[[ Provided data, beginning ]]

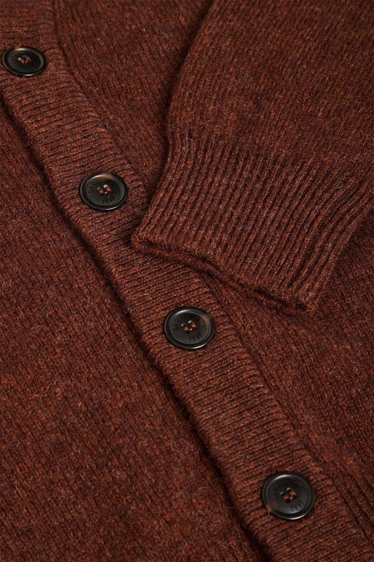 • Ajoutez une touche de sophistication intemporelle à votre garde-robe cette saison avec notre cardigan Shetland, confectionné avec maestria en 100 % laine vierge. Cette pièce, qui exprime subtilement le style britannique, présente une encolure en V classique et une fermeture à boutons avec logo au centre, proposant un équilibre parfait entre tradition et raffinement moderne. Le logo Baracuta brodé ton sur ton sur la poitrine ajoute une touche d'authenticité subtile mais incontournable. Conçu pour le confort avec une coupe classique, il se superpose sans effort à une chemise impeccable et s'associe parfaitement à votre veste Baracuta préférée. L'une de ces pièces qui fonctionne parfaitement, quelle que soit l'humeur. Une brillance sobre sous forme de gilet.
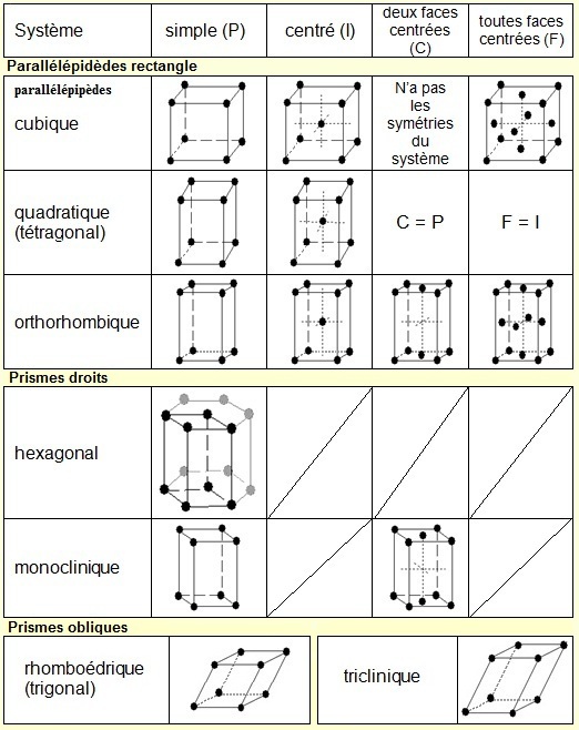 Nous avons décrit 7 réseaux élémentaires ou 7 formes de mailles ou 7 systèmes cristallins.
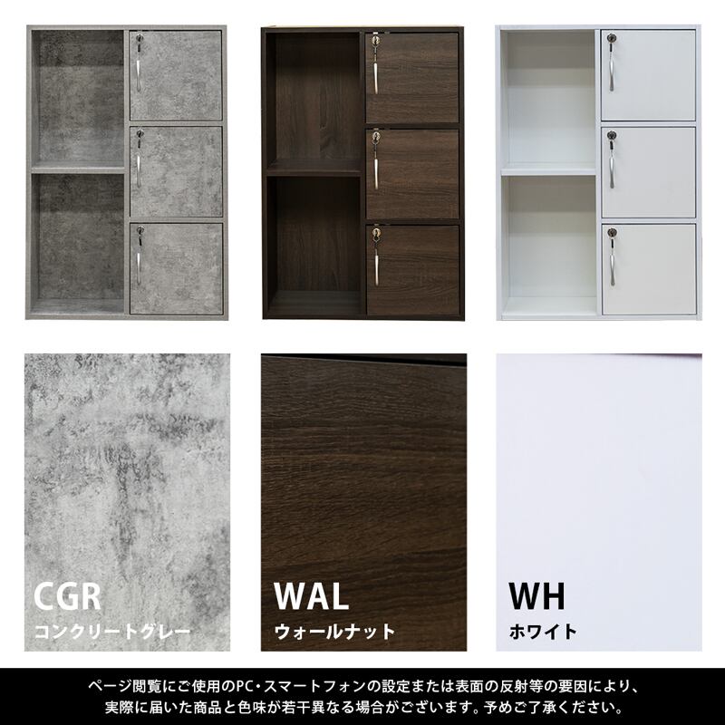 ウォールナット(WAL)、ホワイト(WH)、コンクリートグレー(CGR)の3色展開です
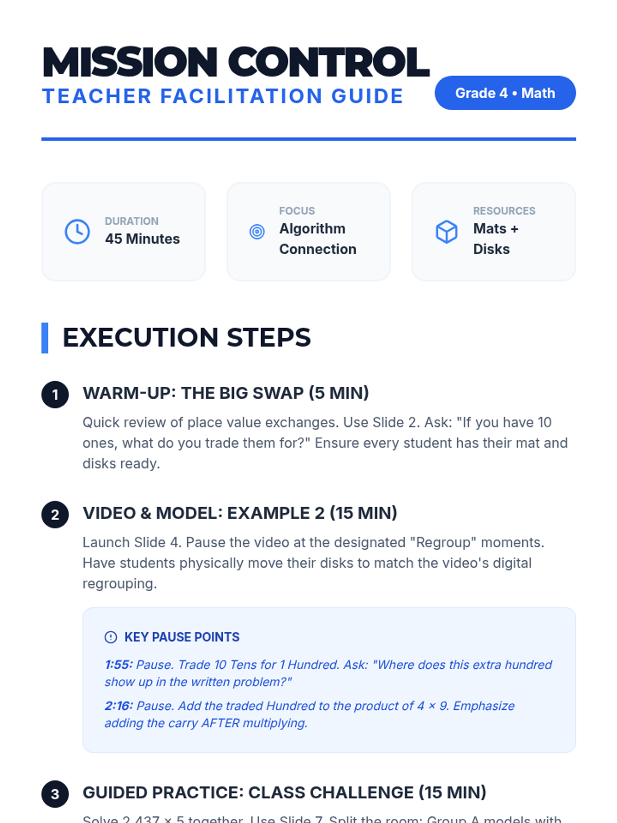 Students will learn to bridge the gap between physical place value disks and the standard multiplication algorithm through interactive modeling and video analysis.
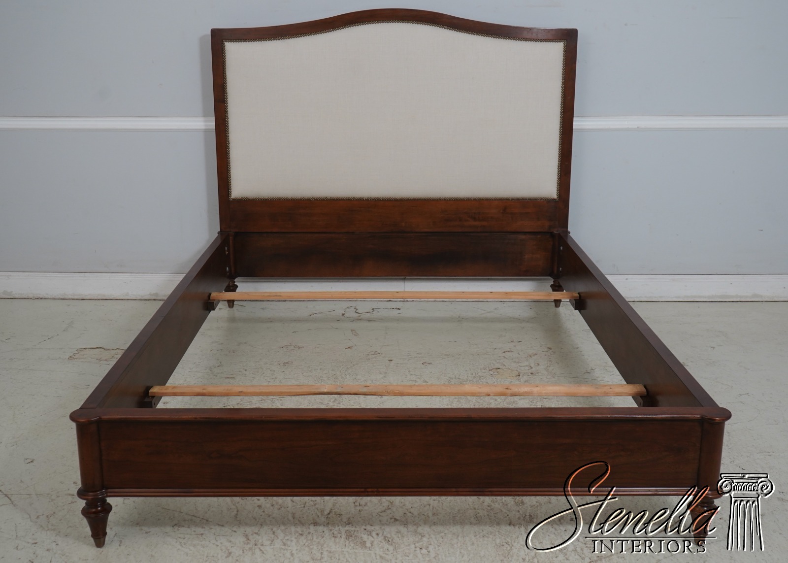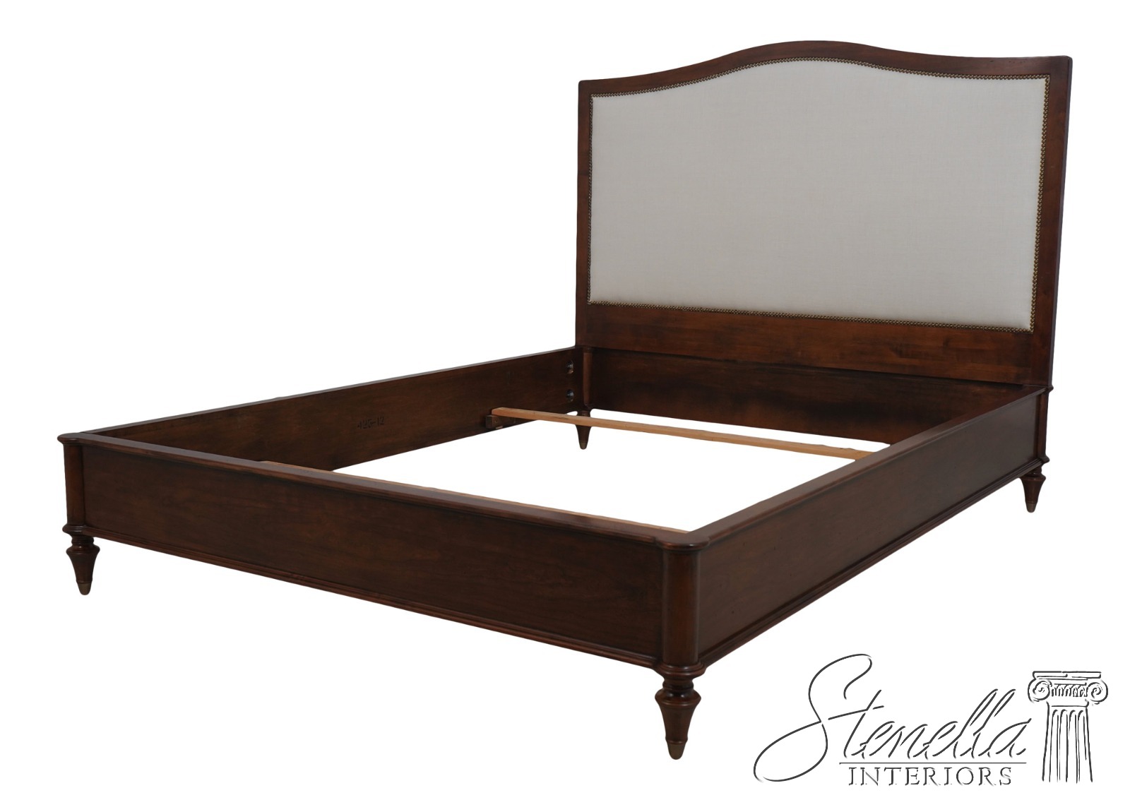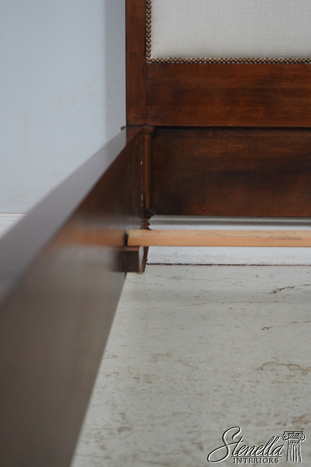 Details: Light Factory Distressing French Louis XVI Style High Quality Construction Cognac Finish Bolted Rail Construction Clean Off White Lined Upholstered Headboard Panel Un-Marked As to Manufacture - Comparable To Baker, Century Or Similar Manufacture

[[ Provided data, end ]]

▶ **Directions**:
Everything from the line with "Students will learn" through the final line of the material is to be returned exactly, both ends included, apart from the pictures.

▶ **Written solution**:
 Students will learn to bridge the gap between physical place value disks and the standard multiplication algorithm through interactive modeling and video analysis.
 Details: Light Factory Distressing French Louis XVI Style High Quality Construction Cognac Finish Bolted Rail Construction Clean Off White Lined Upholstered Headboard Panel Un-Marked As to Manufacture - Comparable To Baker, Century Or Similar Manufacture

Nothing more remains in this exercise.